Пока продолжается скучная дискуссия, я решаю воспользоваться возможностью и на несколько минут сбегаю от семьи. Убедившись, что вдавливаю пальцы в ворс ковра, плетусь на кухню за стаканом холодного чая. Несмотря на все недостатки, она делает отличный сладкий чай. На часах всего 10 утра, но день обещает быть действительно жарким, что довольно необычно для конца сентября. Стакан холодного чая прекрасное спасение от жары.

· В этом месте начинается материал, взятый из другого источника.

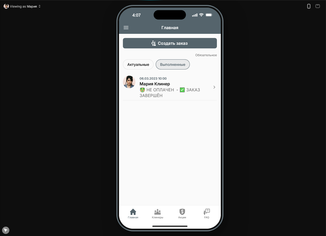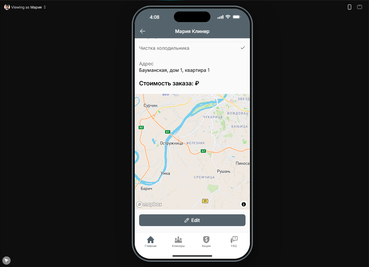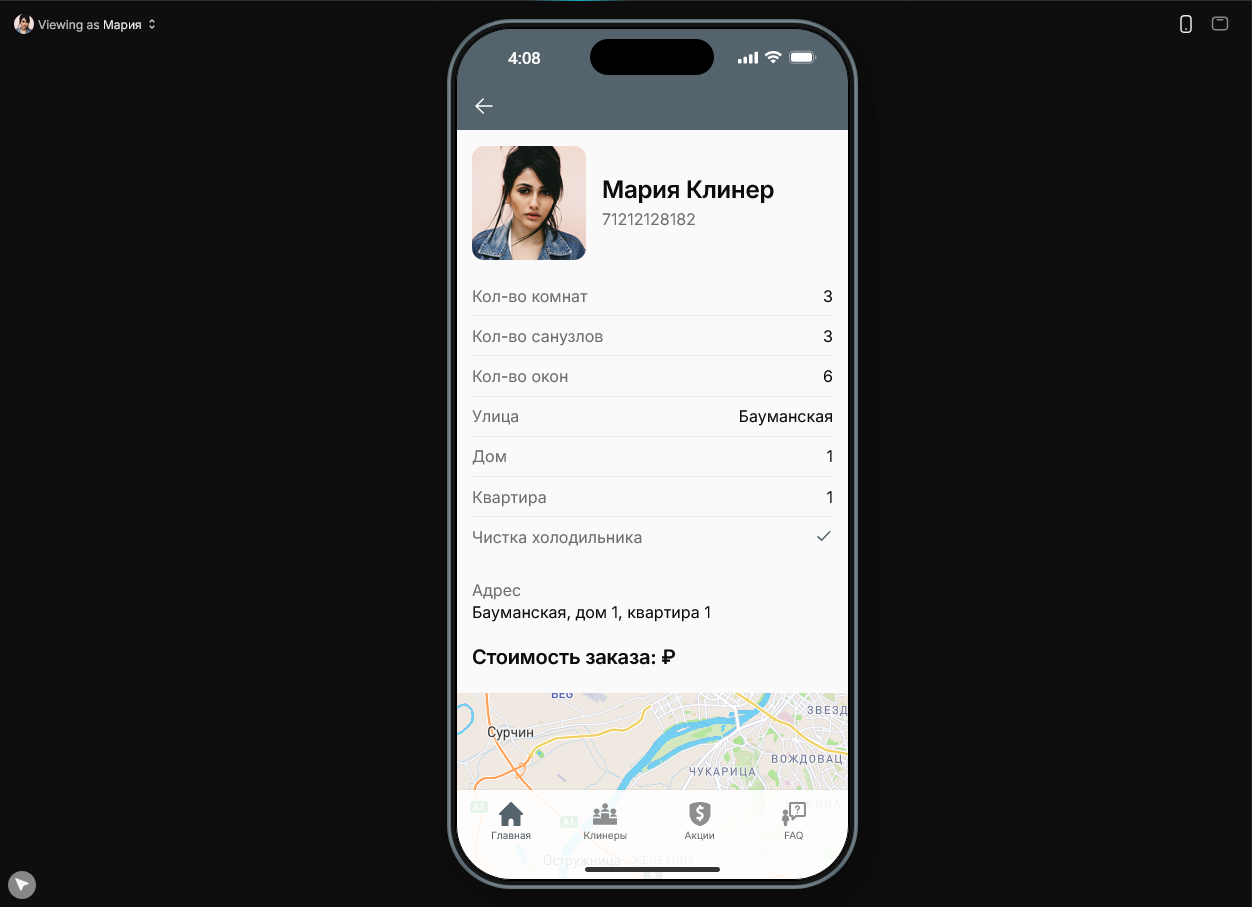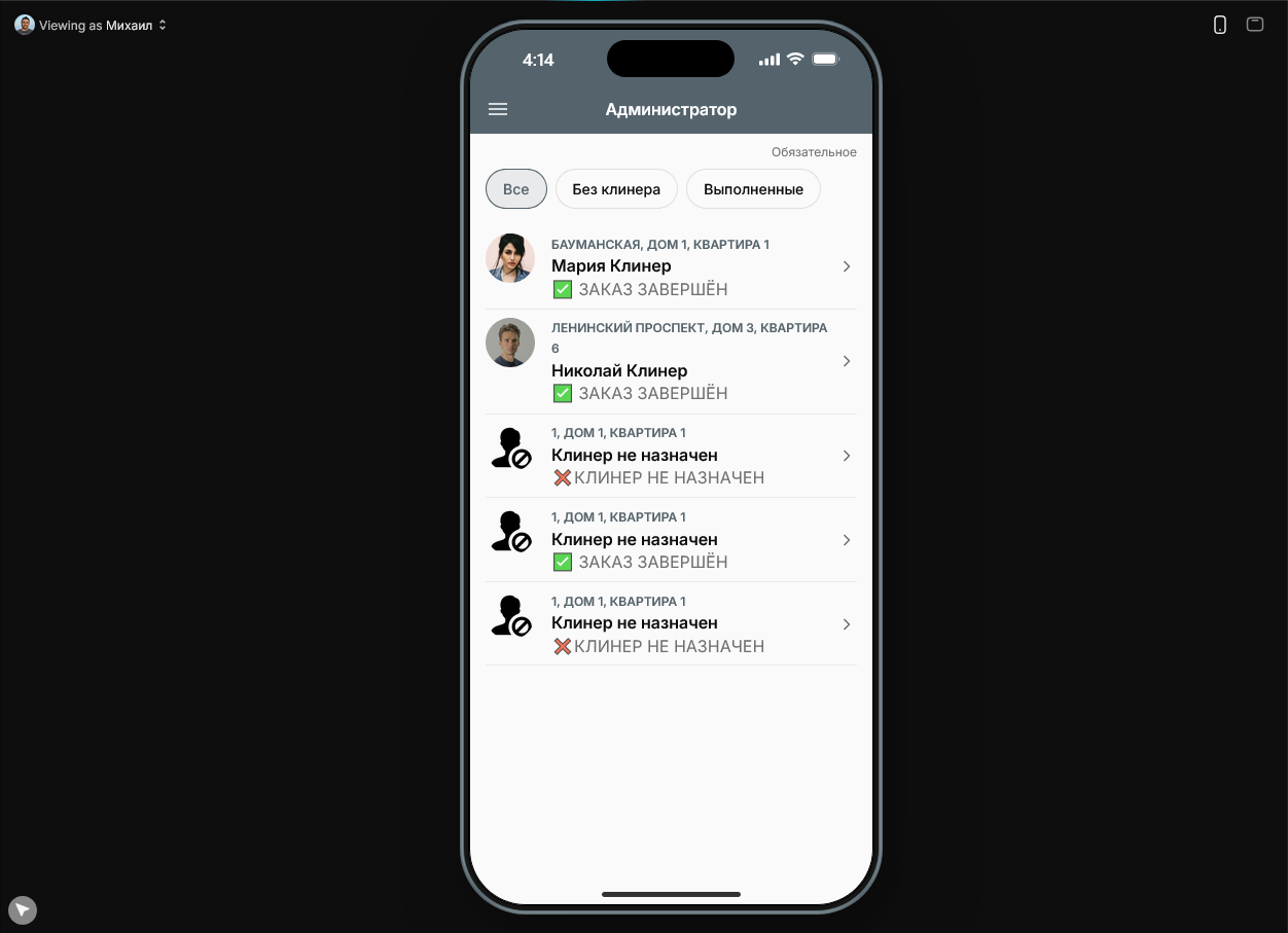 Второе приложение которое я создал на этом курсе это воссоздание Qlean. Здесь принцип работы тот же самый, но есть и новый функционал типа интеграции карты. В админском приложении всё ещё проще: нужно смотреть статус заказов и назначать клинеров.

Я останавливаюсь на полпути к кухне. Киллиан стоит слева от холодильника. Между нами нет и метра. Он пялится на меня. Его глаза горят. Я знаю, это из-за меня. Хочется развернуться и снова броситься в безопасные руки Кэла, но, черт возьми… чая я хочу больше. Меня до боли мучает жажда. И я не позволю его блуждающему по мне взгляду остановить меня. Как бы не хотелось избегать его остаток жизни, но это просто невозможно. Мне нужно просто набраться жестокости, что бы он не смог больше проникать в мою душу.
Ух. Неудачный выбор слов.
— Выглядишь сногсшибательно.
— Спасибо, — строго отвечаю, пытаясь обойти его. Но когда проскакиваю мимо, он нежно обхватывает пальцами мой локоть, останавливая меня.
— Не… — он слегка запинается. — Не уходи пока. Пожалуйста.
«Не делай этого», — наставляю себя. — «Не смотри на него. Не доставляй ему такого удовольствия». К сожалению, всякий раз, когда он прикасается ко мне, любая моя решимость тает, как кубик сахара в воде.
Я оборачиваюсь даже несмотря на то, что приказываю себе смотреть прямо. Когда мои глаза останавливаются на нем, его взгляд пронзает меня насквозь. Я должна чувствовать себя уязвимо. Продолжаю стоять секунды, минуты. Не знаю точно, потому что время кажется сейчас бесполезным.
Впитываю его в себя. Действительно смотрю на него, пронзительно и долго.
В пятницу ночью было темно, но при свете дня он выглядит… разбитым.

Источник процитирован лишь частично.